PROBLEM STATEMENT:
Line for line, return the data exactly, omitting all pictures.

SOURCE DATA:
-*-*-
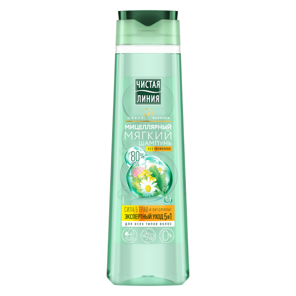 Чистая Линия фитотерапия мицеллярный мягкий шампунь экспертный уход 5в1 400 млШампуни и Бальзамы ЧИСТАЯ ЛИНИЯ со знаком ЭКОконтроль гарантируют экологическую чистоту и пользу входящих трав. Травы в составе продуктов ЧИСТАЯ ЛИНИЯ имеют паспорт качества и проходят многоступенчатый контроль экологической чистоты. ЧИСТАЯ ЛИНИЯ гарантирует эффективность: следит за соблюдением уровня активных веществ, использует только самые эффективные части растений, занимается клиническими исследованиями отвара трав. Эксперты Института Чистая линия создали коллекцию инновационных средств по уходу за волосами на мицеллярной основе. Они не раздражают чувствительную кожу головы, сохраняют ее гидролипидный баланс и не пересушивают волосы, даже при ежедневном мытье. Мицеллярный шампунь создан для мягкого очищения волос без сухости, 5 действий в 1 шампуне. Мицеллярная основа бережно очищает и увлажняет волосы, не повреждая даже истонченные кончики длинных волос, полезная формула 80% отвара трав наполняет волосы силой, ФИТОвитамины придают блеск и мягкость Подходит для всех типов волос.
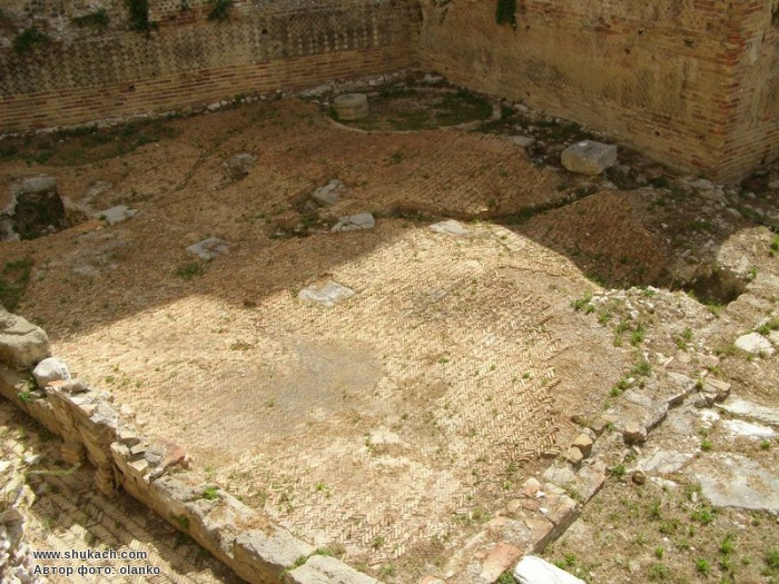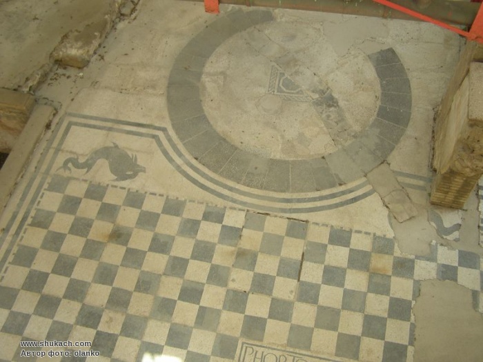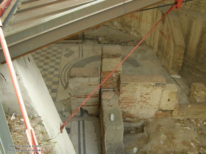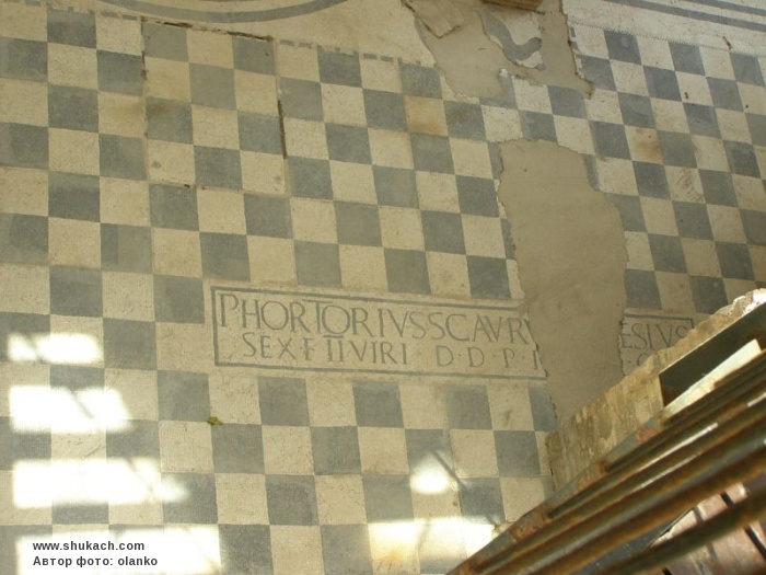 Вздовж віа Піо II видно два входи, призначені для глядачів. Натаціо, тротуари (мозаїчні, з шахівницею та фігурами дельфінів, колосоподібною та шестикутною роботою), мозаїчний напис та залишки фресок видно з похилої будівлі ліворуч від Порта-Помпе. Залишки цієї будівлі захищені сучасним навісом.
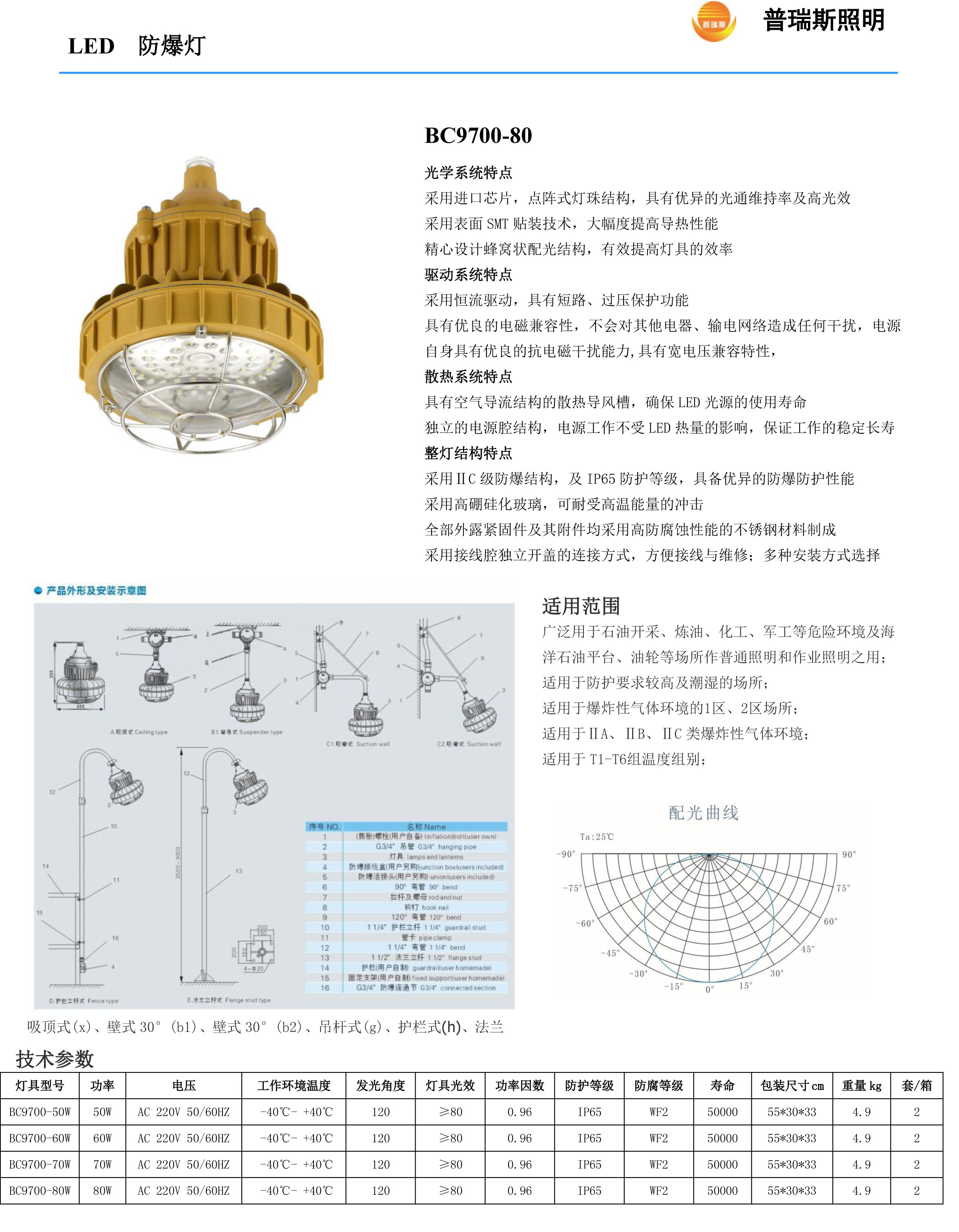 普瑞斯LED防爆工礦燈是防爆燈的一種,其原理同防爆燈相同,只不過光源是LED光源,是指為了防止點燃周圍爆炸性混合物如爆炸性氣體環(huán)境、爆炸性粉塵環(huán)境、瓦斯氣體等而采取的各種特定措施的燈具。
-*-*-
EXPECTED ANSWER:
 Чистая Линия фитотерапия мицеллярный мягкий шампунь экспертный уход 5в1 400 млШампуни и Бальзамы ЧИСТАЯ ЛИНИЯ со знаком ЭКОконтроль гарантируют экологическую чистоту и пользу входящих трав. Травы в составе продуктов ЧИСТАЯ ЛИНИЯ имеют паспорт качества и проходят многоступенчатый контроль экологической чистоты. ЧИСТАЯ ЛИНИЯ гарантирует эффективность: следит за соблюдением уровня активных веществ, использует только самые эффективные части растений, занимается клиническими исследованиями отвара трав. Эксперты Института Чистая линия создали коллекцию инновационных средств по уходу за волосами на мицеллярной основе. Они не раздражают чувствительную кожу головы, сохраняют ее гидролипидный баланс и не пересушивают волосы, даже при ежедневном мытье. Мицеллярный шампунь создан для мягкого очищения волос без сухости, 5 действий в 1 шампуне. Мицеллярная основа бережно очищает и увлажняет волосы, не повреждая даже истонченные кончики длинных волос, полезная формула 80% отвара трав наполняет волосы силой, ФИТОвитамины придают блеск и мягкость Подходит для всех типов волос.
 Вздовж віа Піо II видно два входи, призначені для глядачів. Натаціо, тротуари (мозаїчні, з шахівницею та фігурами дельфінів, колосоподібною та шестикутною роботою), мозаїчний напис та залишки фресок видно з похилої будівлі ліворуч від Порта-Помпе. Залишки цієї будівлі захищені сучасним навісом.
 普瑞斯LED防爆工礦燈是防爆燈的一種,其原理同防爆燈相同,只不過光源是LED光源,是指為了防止點燃周圍爆炸性混合物如爆炸性氣體環(huán)境、爆炸性粉塵環(huán)境、瓦斯氣體等而采取的各種特定措施的燈具。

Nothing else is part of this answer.